Unions and some of Dunedin’s citizen’s are agitating for KiwiRail to buy new wagons from Hillside Workshop.
Roger Kerr explains what’s wrong with that:
Here we are seeing the same old protectionist fallacy. Assuming KiwiRail has got its numbers right, building rolling stock here at higher cost would mean its customers would face higher prices across the board. They would grow less and create fewer jobs.
Many of the customers would be in the export sector. The badly needed rebalancing of the economy would be hampered. And of course KiwiRail would be an even bigger drain on taxpayers.
More than 20 years after the painful but necessary reforms of the late 1980s and early 90s some people still haven’t got the message – protection favours few and costs many.
This is a lesson Candians have yet to learn too. Dan Gardner writes about Canada’s failure to make the most of its potential for increased food production:
Canadian consumers pay far more for dairy and poultry products than they would in a free market. Supply management also makes it difficult or impossible for producers to achieve the economies of scale needed to drive costs down. Perhaps worst of all, it impedes trade liberalization.
“Our government will also continue to open new markets for Canadian business in order to create good jobs for Canadian workers,” the Conservatives promised in the Speech from the Throne. That’s good. Canada is a trading nation and the steady expansion of free trade is very much in our interest. But then came this: “In all international forums and bilateral negotiations, our government will continue to stand up for Canadian farmers and industries by defending supply management.”
And what’s the affect of supply management?

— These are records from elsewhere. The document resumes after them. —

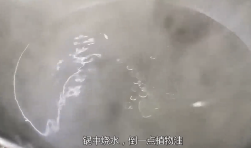 7锅中烧水,倒入一点植物油。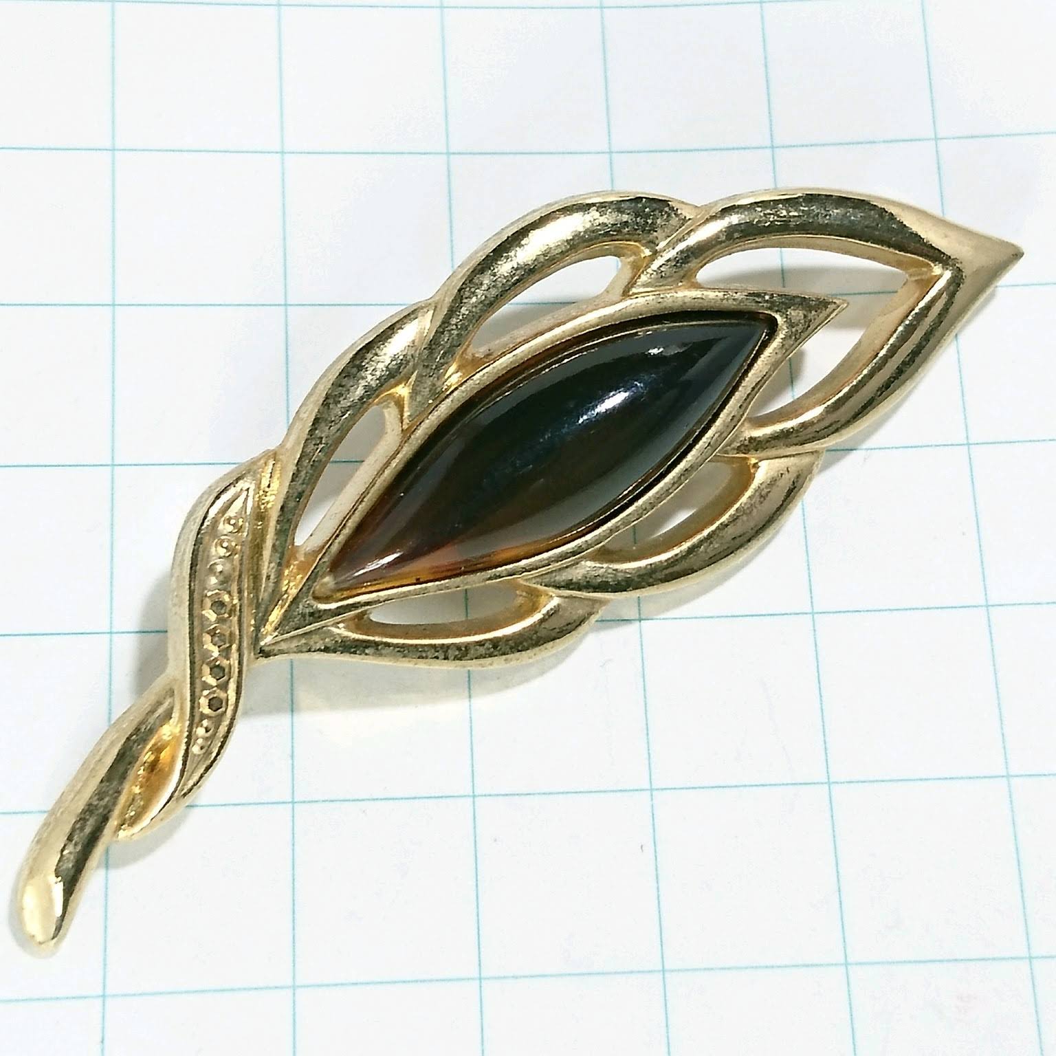 送料無料)ビンテージ☆ブラウンストーン☆アンティークブローチ A12986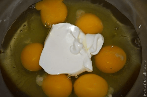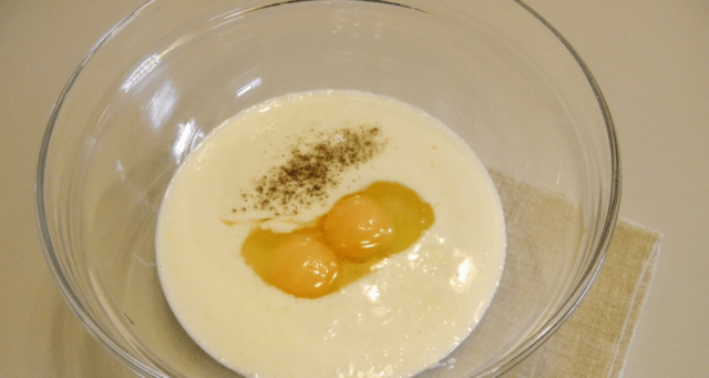 - Romper los huevos de gallina en kéfir y agregar sal y azúcar, pimienta. Revuelva bien.

Who pays? Consumers who often don’t know they are. Who benefits? A small number of farmers who are highly organized and concentrated in certain ridings. Politicians who swear to defend the status quo get the gratitude of the former without incurring the wrath of the latter — while any politician who dares to even consider change gets no gratitude and lots of wrath.
“Look at us,” Larry Martin suggests, “and look at New Zealand, sitting out there in the middle of the ocean, not close to anything.” In the world of food, New Zealand is a “superpower.” And yet, thanks to daring reforms in the 1980s, New Zealand’s farmers owe almost none of their income to government support. “You think, ‘if we could do even half of what they have done wouldn’t we be in great shape?’”
Yes, those “failed” polices of the 80s made our economy freer and are one of the major reasons we’re getting the benefits from increased demand for commodities.
Instead of producing things the world doesn’t want or need at considerable cost to the domestic economy through subsidies, we’re following market signals to produce what the world wants to buy.
Hillside workers should stop wasting their energy trying to return to the bad old days of protectionism. Instead, they should concentrate on developing the flexibility to produce what someone wants to buy at a price they’re prepared to pay.
KiwiRail is already costing the country too much, we can’t afford to add to those costs by subsidising Hillside.